Most people would argue that the best businesses are those that show the most profit, however I think the best businesses are those that can simultaneously be profitable and enrich the values of their customers and employees lives. There are some companies that do this, companies that rather than have management take an authoritarian and dictactorial stance, realize that some of the most knowledgeable people available for making strong and innovative business decisions are the people out their doing the work. The grunts. Companies that really do take to heart and mind the concept that the "customer is always right'. And then there are some other kinds of companies...
While listening to Ring of Fire, the radio show hosted by Robert Kennedy Jr., I discovered that some companies have decided that their employees are worth more dead than alive. In Texas, Walmart has apparently begun a practice of secretly taking out life insurance policies on it's employees who work in high risk areas. Rather than provide them with protection, bullet resistant glass, additional employees when someone is working alone. or security cameras - companies such as Stop N Go (who who also adopted the practice) have decided that from a cost benefit analysis, they're better off letting that employee remain in harms way and instead put their money into an insurance premium with the company being the beneficiary -- as if the loss of that employee is the same thing as losing a peice of property like a lamp or broken window. It's as if we've returned to the age of serfdom, where worker/peasants were as disposable as any other type of equipment used by the company.
Could you imagine if a Police or Fire Dept took the same strategy? We won't give the officers any vests or guns with bullets or we won't actually put any water in the hoses - but we'll be sure to recoup two or three years worth of the their salary after we send them into the worst neighborhoods and the biggest fires, minus funeral costs of course.

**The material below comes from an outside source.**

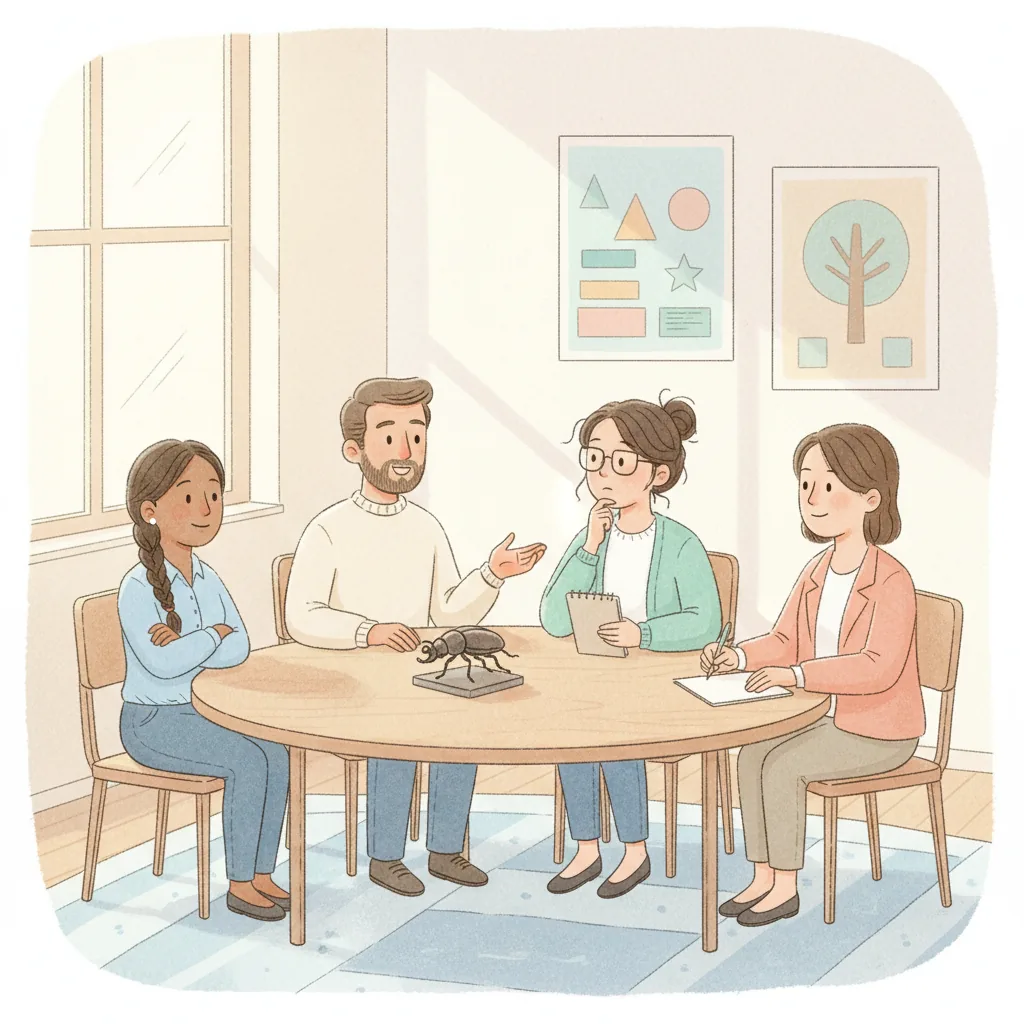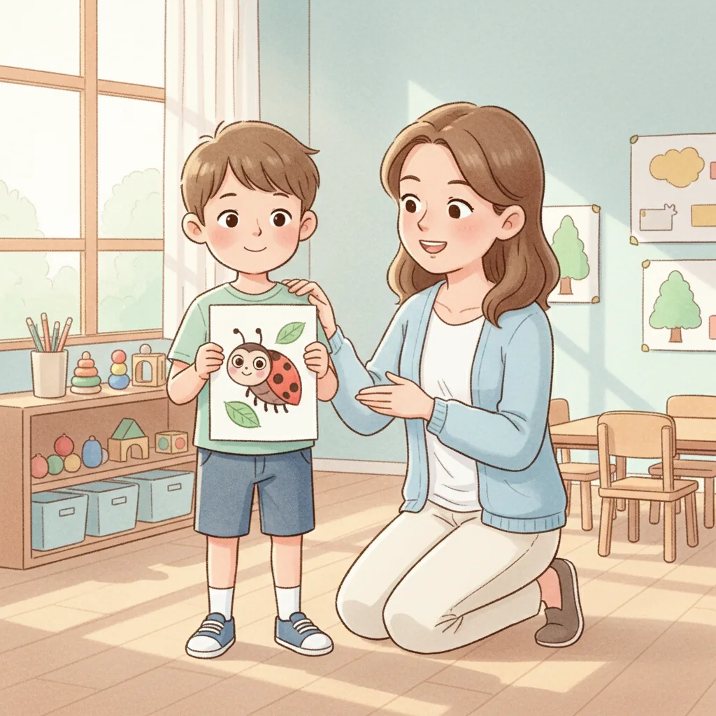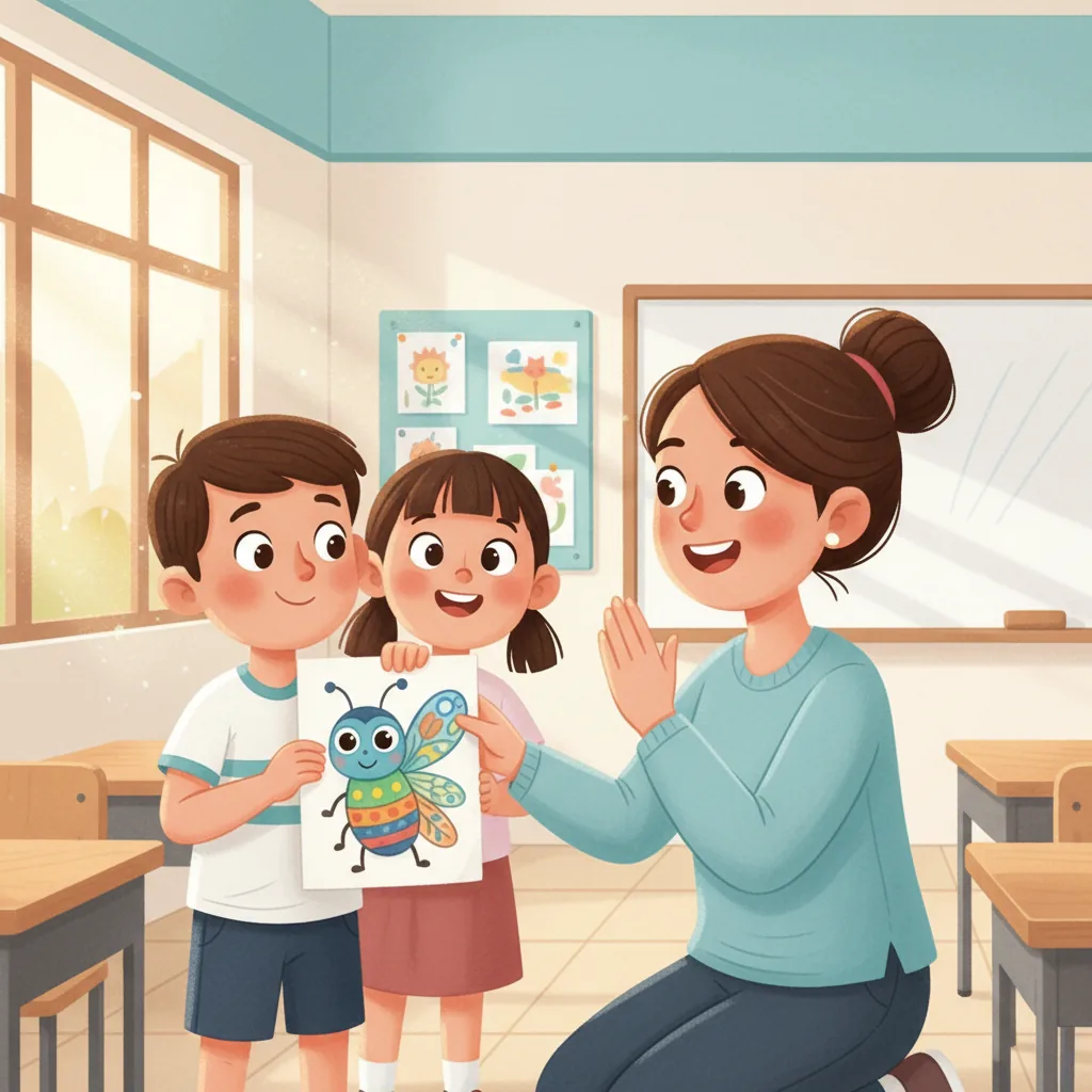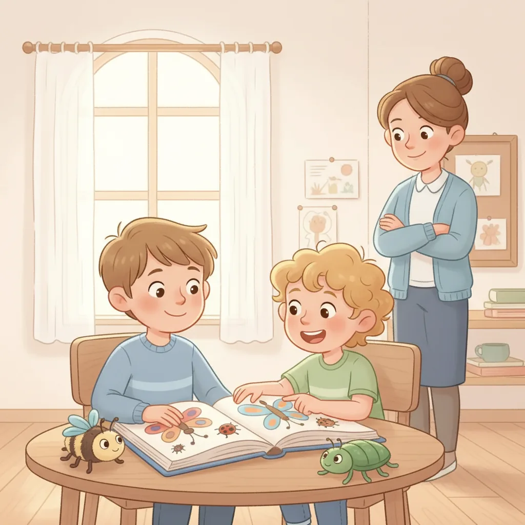 "es": "**Creative Activity**\n\n\n**Actividad Creativa**\n\n**Círculo de Compartir de Bichos** \nCrea una actividad en círculo donde cada niño traiga un juguete o dibujo de su bicho favorito. \nAnima a los niños a turnarse para compartir un dato divertido sobre su bicho con el grupo. \nRecuérdales que levanten la mano y esperen pacientemente su turno para hablar.\n\n**Juego de Compartir y Esperar** \nOrganiza un juego sencillo con juguetes o bloques. \nAnima a los niños a preguntar: \"¿Puedo jugar?\" antes de participar. \nPractica turnarse y compartir juguetes, ¡reforzando la idea de que esperar y pedir permiso puede ser divertido!",

Y'know if somebody walks up to you on the street, tells you a bunch of lies, takes all the money out of your wallet and spits on your shoes -- you'd call the cops [government], right?

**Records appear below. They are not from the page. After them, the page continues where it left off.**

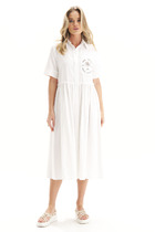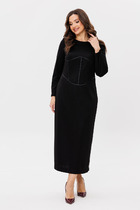 Платье женское для повседневной носки. Платье женское полу прилегающего силуэта, длиной за колено. Перед с 2-мянагрудными выточками, с 2-мя накладными прямоугольными карманами, на уровне линии бёдер, с приточной вертикальной планкой из отделочной ткани. Спинка со средним швом, заканчивающимся разрезом. Застёжка на потайную тесьму-молнию в среднем шве спинки. Горловина с цельнокроеной стойкой, обточная. Платье со спущенным плечом. Рукав втачной, длиной 7/8 с приточной манжетой из отделочной ткани и приточной вертикальной планкой из отделочной ткани по центру. Платье без плечевых накладок. Длина спинки 107 см, длина рукава от горловины 61 см.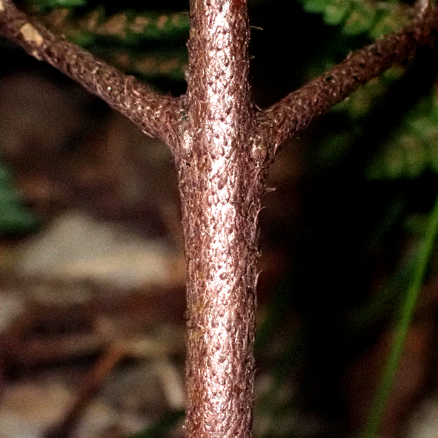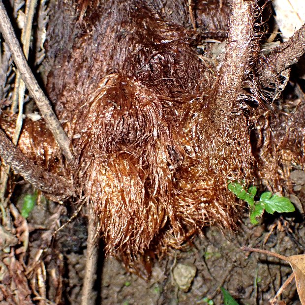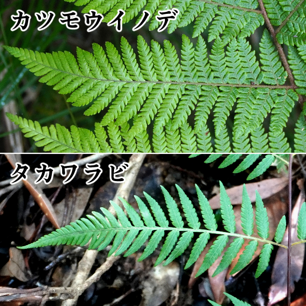 タカワラビは葉柄基部に金色っぽい毛をたくさんつけ、 この特徴から園芸ではキンモウコウ(中国名の金毛狗蕨が由来)とよく呼ばれています。 それゆえにカツモウイノデとよく混同されてしまっていて、 園芸ショップでカツモウイノデがタカワラビという名で売られてしまうことがあるほどです。 ですが、 タカワラビは木生シダで有名なヘゴ科に近い仲間。 カツモウイノデとは全く別のグループのシダで、 知っていれば見分けるのは簡単です。
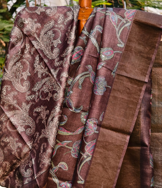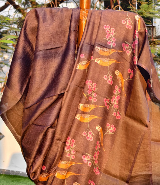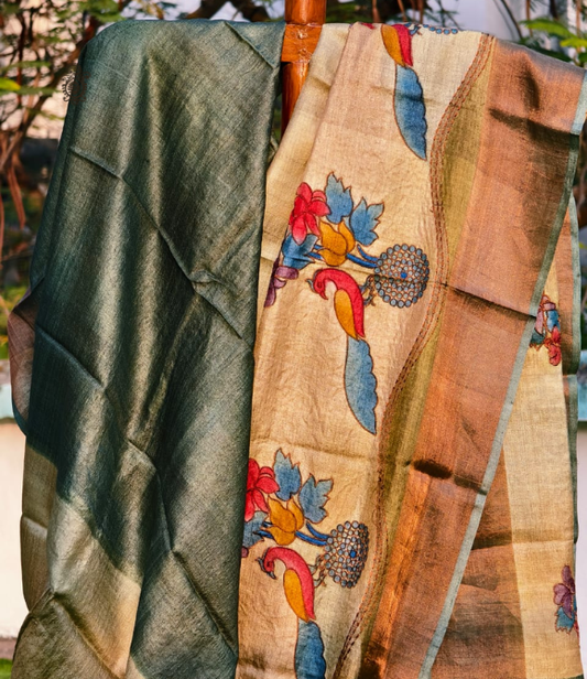 Pure Zari Tussar Hand Embroidery Saree Sage Green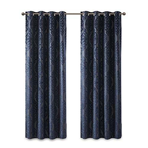 SUN SMART Mirage 100% totalt mörkläggningsfönster, stickad Jacquard damast rum mörkrande gardiner panel med öljettsockel, 50 x 84, marinblå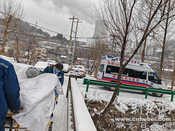 在基层,急救人员历经千辛万苦接回急危患者。2日中午12时,郧阳区谭山镇东岳村民电话求救,家中有人脑梗塞伴偏瘫,突发心悸,急需救治。谭山镇卫生院急救站接到任务后,急救医务人员立即出发。沿途大雪纷飞,路窄坡长,路面冰滑,艰难前行。为了患者安全,出诊人员不畏严寒,下车铲雪,历经4小时,于下午4时患者平安入院。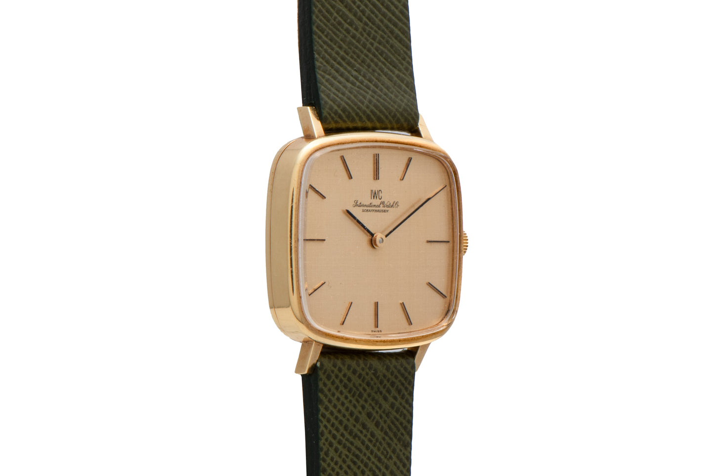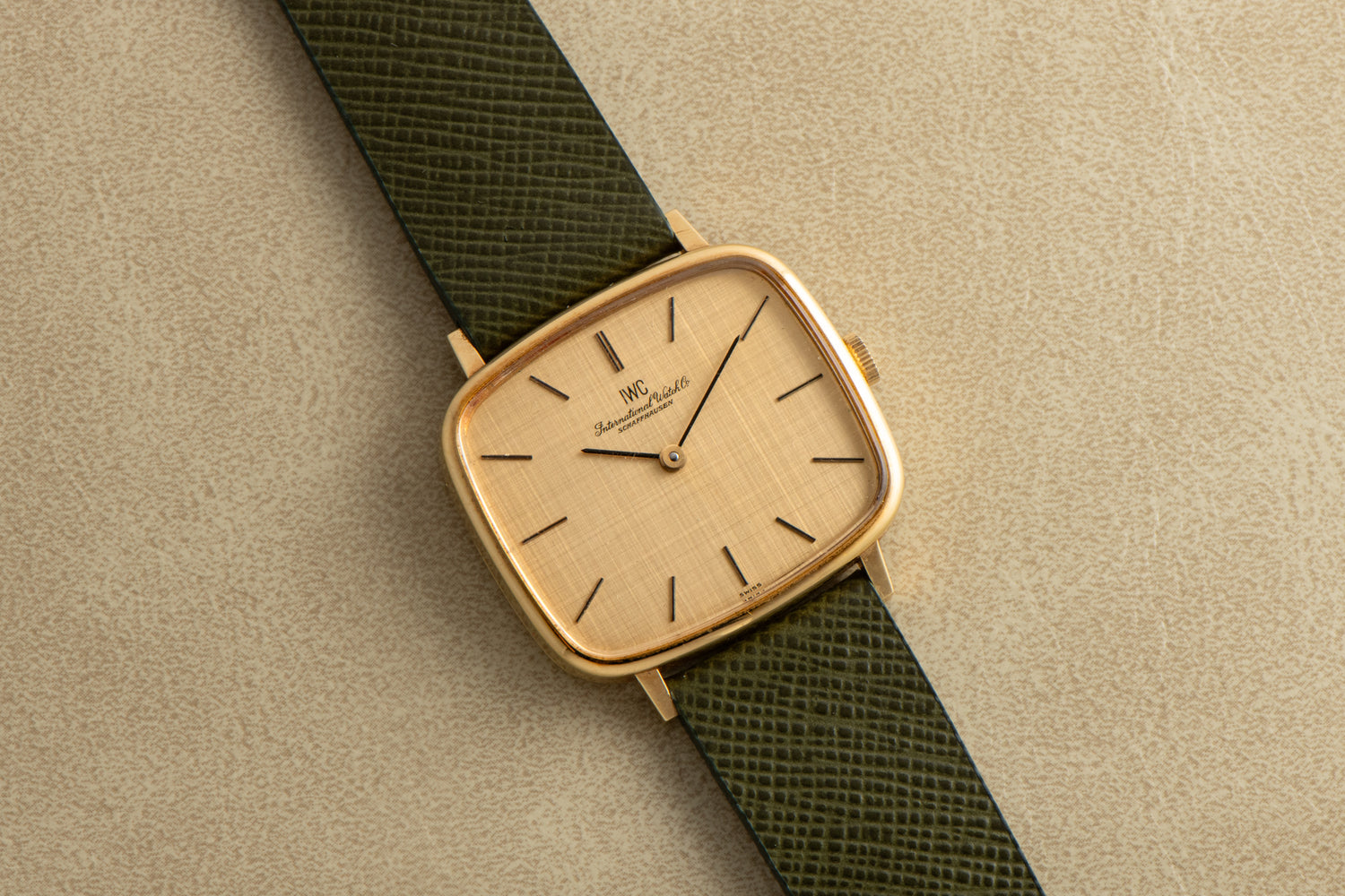 Its gold ‘linen’ dial is a canvas for a matching black pencil handset, applied markers, and the svelter ‘IWC’ logo towards the top of the dial followed by its full namesake, International Watch Co., written out in an elegant cursive typeface below it.

Seems like some people [extreme conservatives and libertarians] seem to believe that if they walk into a office as a employee or customer - and the guy behind the desk tells you a bunch of lies, takes money out of your wallet and spits in your face -- you're only option is to go work and shop somewhere else (Where they just might do the exact same thing to you all over again in order to stay "competitive"...). It's all a matter of choice, they say.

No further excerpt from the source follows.